Le titre The Fabelmans désigne le nom de famille fictif donné par Steven Spielberg à sa propre famille pour les besoins de ce récit semi-autobiographique, un choix qui évoque directement le mot anglais fable, désignant un récit à visée souvent morale ou allégorique. Ce nom de famille inventé permet au réalisateur de revendiquer une part de fiction et de recomposition narrative dans une histoire par ailleurs très largement inspirée de faits réels, tout en évitant de figer son récit dans une exactitude biographique stricte. Le titre annonce ainsi la nature hybride du film, à la fois mémoire intime et œuvre de fiction assumée, cohérente avec la réflexion du film sur le pouvoir du cinéma à transformer et à éclairer le réel.

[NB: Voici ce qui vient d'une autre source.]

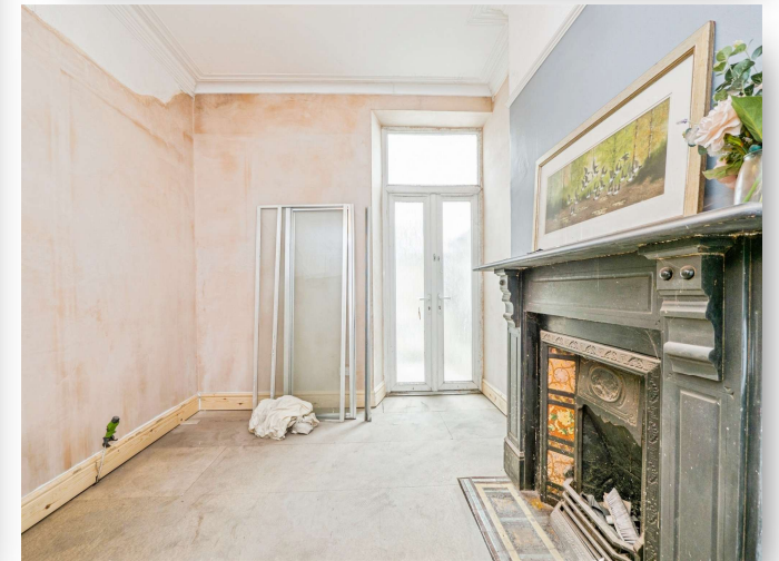
Claude Road, Roath Cardiff CF24 3QB
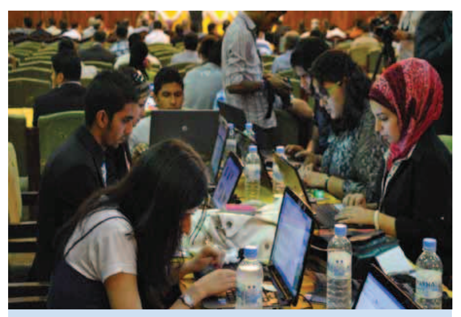
Members of Iraq's newly launched Bloggers Union uploading updates on the celebration of the World Freedom Day's events celebrated in Baghdad on 3 May 2011.

he UNESCO Office for Iraq held its celebration for World Press Freedom Day 2011 at the Oil Cultural Center in Baghdad on 3 May. Iraqi bloggers seized on this year's theme, "21st Century Media: New Frontiers, New Barriers" to announce the formation of the first Iraqi Bloggers Union to be called "Iraq First."

La musique du film, composée par John Williams pour sa vingt-neuvième collaboration avec Steven Spielberg en cinquante ans, se distingue par sa retenue et sa subtilité inhabituelles, privilégiant l'émotion et la nostalgie à l'ampleur symphonique plus spectaculaire habituellement associée au compositeur.
Après sa première mondiale au Festival International du Film de Toronto en septembre 2022, où il a remporté le Prix du public, The Fabelmans est sorti aux États-Unis le 23 novembre 2022 puis en France le 22 février 2023. Le film a obtenu sept nominations aux Oscars 2023, dont celles du meilleur film et du meilleur réalisateur, confirmant la reconnaissance de la profession pour ce projet le plus personnel de la carrière de Steven Spielberg.
Les amateurs de ce récit d'apprentissage cinéphile pourront se tourner vers Cinema Paradiso de Giuseppe Tornatore, autre grande déclaration d'amour au septième art à travers le regard d'un enfant, ou vers Belfast de Kenneth Branagh, autre film semi-autobiographique sur une enfance marquée par les bouleversements familiaux, sorti la même année.